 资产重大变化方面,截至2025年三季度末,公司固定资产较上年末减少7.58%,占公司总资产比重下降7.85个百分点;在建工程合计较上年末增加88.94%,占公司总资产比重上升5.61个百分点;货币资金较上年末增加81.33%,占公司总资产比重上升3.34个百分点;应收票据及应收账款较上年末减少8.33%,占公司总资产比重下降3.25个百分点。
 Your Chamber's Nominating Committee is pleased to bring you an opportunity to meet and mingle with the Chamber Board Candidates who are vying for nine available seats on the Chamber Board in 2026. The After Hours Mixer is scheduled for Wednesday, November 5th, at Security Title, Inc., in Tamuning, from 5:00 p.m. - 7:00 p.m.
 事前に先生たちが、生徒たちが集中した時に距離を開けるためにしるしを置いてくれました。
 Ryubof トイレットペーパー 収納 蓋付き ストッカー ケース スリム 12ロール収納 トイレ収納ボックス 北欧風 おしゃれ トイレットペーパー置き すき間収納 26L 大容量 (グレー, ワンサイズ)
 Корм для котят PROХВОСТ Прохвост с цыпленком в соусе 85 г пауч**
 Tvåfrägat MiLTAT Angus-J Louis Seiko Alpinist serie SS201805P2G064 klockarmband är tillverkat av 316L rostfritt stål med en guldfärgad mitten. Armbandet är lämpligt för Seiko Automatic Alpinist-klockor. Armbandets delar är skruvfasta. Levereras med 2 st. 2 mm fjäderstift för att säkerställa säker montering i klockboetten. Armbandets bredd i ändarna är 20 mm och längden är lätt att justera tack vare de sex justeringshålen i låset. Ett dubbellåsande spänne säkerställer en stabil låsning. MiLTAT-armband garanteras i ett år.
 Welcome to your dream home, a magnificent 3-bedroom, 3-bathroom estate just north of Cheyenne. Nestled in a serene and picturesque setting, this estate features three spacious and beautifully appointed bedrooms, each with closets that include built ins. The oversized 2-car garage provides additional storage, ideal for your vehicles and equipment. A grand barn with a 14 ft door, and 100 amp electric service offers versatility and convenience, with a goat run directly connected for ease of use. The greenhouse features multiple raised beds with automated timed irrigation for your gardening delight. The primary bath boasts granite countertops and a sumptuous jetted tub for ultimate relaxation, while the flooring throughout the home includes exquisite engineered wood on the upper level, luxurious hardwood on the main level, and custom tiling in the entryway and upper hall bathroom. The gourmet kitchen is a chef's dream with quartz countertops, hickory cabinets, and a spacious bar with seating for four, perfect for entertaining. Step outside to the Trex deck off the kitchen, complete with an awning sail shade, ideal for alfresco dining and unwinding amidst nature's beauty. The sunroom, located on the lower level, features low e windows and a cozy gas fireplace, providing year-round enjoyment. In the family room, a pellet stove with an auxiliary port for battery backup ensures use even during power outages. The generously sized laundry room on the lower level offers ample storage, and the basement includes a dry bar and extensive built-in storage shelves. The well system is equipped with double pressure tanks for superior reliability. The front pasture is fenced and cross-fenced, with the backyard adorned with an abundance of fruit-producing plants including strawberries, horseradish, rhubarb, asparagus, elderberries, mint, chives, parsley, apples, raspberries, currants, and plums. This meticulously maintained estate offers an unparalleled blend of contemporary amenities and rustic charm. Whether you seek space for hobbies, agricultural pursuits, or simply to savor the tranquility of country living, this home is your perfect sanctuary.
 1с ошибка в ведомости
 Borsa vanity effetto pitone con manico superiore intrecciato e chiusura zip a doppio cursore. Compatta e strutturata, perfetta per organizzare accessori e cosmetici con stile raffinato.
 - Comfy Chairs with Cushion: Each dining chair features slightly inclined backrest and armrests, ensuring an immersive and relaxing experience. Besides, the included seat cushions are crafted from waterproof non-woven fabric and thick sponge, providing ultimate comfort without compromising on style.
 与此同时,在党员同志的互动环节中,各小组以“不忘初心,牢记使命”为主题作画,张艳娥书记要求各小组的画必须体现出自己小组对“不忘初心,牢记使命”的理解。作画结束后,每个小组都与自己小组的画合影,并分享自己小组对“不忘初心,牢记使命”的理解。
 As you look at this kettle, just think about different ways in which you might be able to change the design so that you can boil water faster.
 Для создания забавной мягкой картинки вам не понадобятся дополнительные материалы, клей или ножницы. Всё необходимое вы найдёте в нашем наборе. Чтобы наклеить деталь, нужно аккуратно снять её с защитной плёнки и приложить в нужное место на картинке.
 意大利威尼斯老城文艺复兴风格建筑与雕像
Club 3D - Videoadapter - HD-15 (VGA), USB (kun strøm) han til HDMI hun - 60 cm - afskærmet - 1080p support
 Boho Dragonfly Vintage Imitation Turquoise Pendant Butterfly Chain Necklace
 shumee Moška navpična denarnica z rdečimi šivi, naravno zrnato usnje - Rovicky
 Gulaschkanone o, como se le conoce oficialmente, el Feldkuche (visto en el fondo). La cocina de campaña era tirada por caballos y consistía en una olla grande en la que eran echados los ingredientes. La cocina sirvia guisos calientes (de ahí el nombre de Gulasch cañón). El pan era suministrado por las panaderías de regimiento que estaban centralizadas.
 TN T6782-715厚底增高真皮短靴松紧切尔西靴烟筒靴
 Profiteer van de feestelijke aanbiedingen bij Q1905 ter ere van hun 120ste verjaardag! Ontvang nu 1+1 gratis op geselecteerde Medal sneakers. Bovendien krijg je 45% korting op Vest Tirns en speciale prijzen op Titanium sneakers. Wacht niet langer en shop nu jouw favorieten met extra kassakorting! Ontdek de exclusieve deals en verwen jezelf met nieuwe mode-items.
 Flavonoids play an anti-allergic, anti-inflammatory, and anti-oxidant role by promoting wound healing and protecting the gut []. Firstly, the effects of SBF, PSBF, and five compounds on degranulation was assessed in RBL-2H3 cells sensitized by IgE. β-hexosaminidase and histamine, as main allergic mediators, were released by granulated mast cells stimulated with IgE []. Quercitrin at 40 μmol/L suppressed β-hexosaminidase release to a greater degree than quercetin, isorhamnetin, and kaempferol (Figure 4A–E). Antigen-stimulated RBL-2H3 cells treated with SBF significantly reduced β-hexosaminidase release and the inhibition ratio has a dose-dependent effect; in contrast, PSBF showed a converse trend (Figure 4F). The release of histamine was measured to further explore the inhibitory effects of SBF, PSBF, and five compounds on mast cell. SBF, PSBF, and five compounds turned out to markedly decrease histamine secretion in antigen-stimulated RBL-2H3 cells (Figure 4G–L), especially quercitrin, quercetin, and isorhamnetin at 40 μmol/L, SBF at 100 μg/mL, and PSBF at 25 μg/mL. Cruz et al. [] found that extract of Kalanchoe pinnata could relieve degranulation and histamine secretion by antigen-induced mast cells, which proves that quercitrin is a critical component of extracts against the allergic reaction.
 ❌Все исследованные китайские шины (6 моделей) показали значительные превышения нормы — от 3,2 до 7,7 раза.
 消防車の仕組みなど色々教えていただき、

PROBLEM DETAILS: Would you transcribe the entries above exactly as they appear?

SOLUTION TO THIS PROBLEM:
 资产重大变化方面,截至2025年三季度末,公司固定资产较上年末减少7.58%,占公司总资产比重下降7.85个百分点;在建工程合计较上年末增加88.94%,占公司总资产比重上升5.61个百分点;货币资金较上年末增加81.33%,占公司总资产比重上升3.34个百分点;应收票据及应收账款较上年末减少8.33%,占公司总资产比重下降3.25个百分点。
 Your Chamber's Nominating Committee is pleased to bring you an opportunity to meet and mingle with the Chamber Board Candidates who are vying for nine available seats on the Chamber Board in 2026. The After Hours Mixer is scheduled for Wednesday, November 5th, at Security Title, Inc., in Tamuning, from 5:00 p.m. - 7:00 p.m.
 事前に先生たちが、生徒たちが集中した時に距離を開けるためにしるしを置いてくれました。
 Ryubof トイレットペーパー 収納 蓋付き ストッカー ケース スリム 12ロール収納 トイレ収納ボックス 北欧風 おしゃれ トイレットペーパー置き すき間収納 26L 大容量 (グレー, ワンサイズ)
 Корм для котят PROХВОСТ Прохвост с цыпленком в соусе 85 г пауч**
 Tvåfrägat MiLTAT Angus-J Louis Seiko Alpinist serie SS201805P2G064 klockarmband är tillverkat av 316L rostfritt stål med en guldfärgad mitten. Armbandet är lämpligt för Seiko Automatic Alpinist-klockor. Armbandets delar är skruvfasta. Levereras med 2 st. 2 mm fjäderstift för att säkerställa säker montering i klockboetten. Armbandets bredd i ändarna är 20 mm och längden är lätt att justera tack vare de sex justeringshålen i låset. Ett dubbellåsande spänne säkerställer en stabil låsning. MiLTAT-armband garanteras i ett år.
 Welcome to your dream home, a magnificent 3-bedroom, 3-bathroom estate just north of Cheyenne. Nestled in a serene and picturesque setting, this estate features three spacious and beautifully appointed bedrooms, each with closets that include built ins. The oversized 2-car garage provides additional storage, ideal for your vehicles and equipment. A grand barn with a 14 ft door, and 100 amp electric service offers versatility and convenience, with a goat run directly connected for ease of use. The greenhouse features multiple raised beds with automated timed irrigation for your gardening delight. The primary bath boasts granite countertops and a sumptuous jetted tub for ultimate relaxation, while the flooring throughout the home includes exquisite engineered wood on the upper level, luxurious hardwood on the main level, and custom tiling in the entryway and upper hall bathroom. The gourmet kitchen is a chef's dream with quartz countertops, hickory cabinets, and a spacious bar with seating for four, perfect for entertaining. Step outside to the Trex deck off the kitchen, complete with an awning sail shade, ideal for alfresco dining and unwinding amidst nature's beauty. The sunroom, located on the lower level, features low e windows and a cozy gas fireplace, providing year-round enjoyment. In the family room, a pellet stove with an auxiliary port for battery backup ensures use even during power outages. The generously sized laundry room on the lower level offers ample storage, and the basement includes a dry bar and extensive built-in storage shelves. The well system is equipped with double pressure tanks for superior reliability. The front pasture is fenced and cross-fenced, with the backyard adorned with an abundance of fruit-producing plants including strawberries, horseradish, rhubarb, asparagus, elderberries, mint, chives, parsley, apples, raspberries, currants, and plums. This meticulously maintained estate offers an unparalleled blend of contemporary amenities and rustic charm. Whether you seek space for hobbies, agricultural pursuits, or simply to savor the tranquility of country living, this home is your perfect sanctuary.
 1с ошибка в ведомости
 Borsa vanity effetto pitone con manico superiore intrecciato e chiusura zip a doppio cursore. Compatta e strutturata, perfetta per organizzare accessori e cosmetici con stile raffinato.
 - Comfy Chairs with Cushion: Each dining chair features slightly inclined backrest and armrests, ensuring an immersive and relaxing experience. Besides, the included seat cushions are crafted from waterproof non-woven fabric and thick sponge, providing ultimate comfort without compromising on style.
 与此同时,在党员同志的互动环节中,各小组以“不忘初心,牢记使命”为主题作画,张艳娥书记要求各小组的画必须体现出自己小组对“不忘初心,牢记使命”的理解。作画结束后,每个小组都与自己小组的画合影,并分享自己小组对“不忘初心,牢记使命”的理解。
 As you look at this kettle, just think about different ways in which you might be able to change the design so that you can boil water faster.
 Для создания забавной мягкой картинки вам не понадобятся дополнительные материалы, клей или ножницы. Всё необходимое вы найдёте в нашем наборе. Чтобы наклеить деталь, нужно аккуратно снять её с защитной плёнки и приложить в нужное место на картинке.
 意大利威尼斯老城文艺复兴风格建筑与雕像
Club 3D - Videoadapter - HD-15 (VGA), USB (kun strøm) han til HDMI hun - 60 cm - afskærmet - 1080p support
 Boho Dragonfly Vintage Imitation Turquoise Pendant Butterfly Chain Necklace
 shumee Moška navpična denarnica z rdečimi šivi, naravno zrnato usnje - Rovicky
 Gulaschkanone o, como se le conoce oficialmente, el Feldkuche (visto en el fondo). La cocina de campaña era tirada por caballos y consistía en una olla grande en la que eran echados los ingredientes. La cocina sirvia guisos calientes (de ahí el nombre de Gulasch cañón). El pan era suministrado por las panaderías de regimiento que estaban centralizadas.
 TN T6782-715厚底增高真皮短靴松紧切尔西靴烟筒靴
 Profiteer van de feestelijke aanbiedingen bij Q1905 ter ere van hun 120ste verjaardag! Ontvang nu 1+1 gratis op geselecteerde Medal sneakers. Bovendien krijg je 45% korting op Vest Tirns en speciale prijzen op Titanium sneakers. Wacht niet langer en shop nu jouw favorieten met extra kassakorting! Ontdek de exclusieve deals en verwen jezelf met nieuwe mode-items.
 Flavonoids play an anti-allergic, anti-inflammatory, and anti-oxidant role by promoting wound healing and protecting the gut []. Firstly, the effects of SBF, PSBF, and five compounds on degranulation was assessed in RBL-2H3 cells sensitized by IgE. β-hexosaminidase and histamine, as main allergic mediators, were released by granulated mast cells stimulated with IgE []. Quercitrin at 40 μmol/L suppressed β-hexosaminidase release to a greater degree than quercetin, isorhamnetin, and kaempferol (Figure 4A–E). Antigen-stimulated RBL-2H3 cells treated with SBF significantly reduced β-hexosaminidase release and the inhibition ratio has a dose-dependent effect; in contrast, PSBF showed a converse trend (Figure 4F). The release of histamine was measured to further explore the inhibitory effects of SBF, PSBF, and five compounds on mast cell. SBF, PSBF, and five compounds turned out to markedly decrease histamine secretion in antigen-stimulated RBL-2H3 cells (Figure 4G–L), especially quercitrin, quercetin, and isorhamnetin at 40 μmol/L, SBF at 100 μg/mL, and PSBF at 25 μg/mL. Cruz et al. [] found that extract of Kalanchoe pinnata could relieve degranulation and histamine secretion by antigen-induced mast cells, which proves that quercitrin is a critical component of extracts against the allergic reaction.
 ❌Все исследованные китайские шины (6 моделей) показали значительные превышения нормы — от 3,2 до 7,7 раза.
 消防車の仕組みなど色々教えていただき、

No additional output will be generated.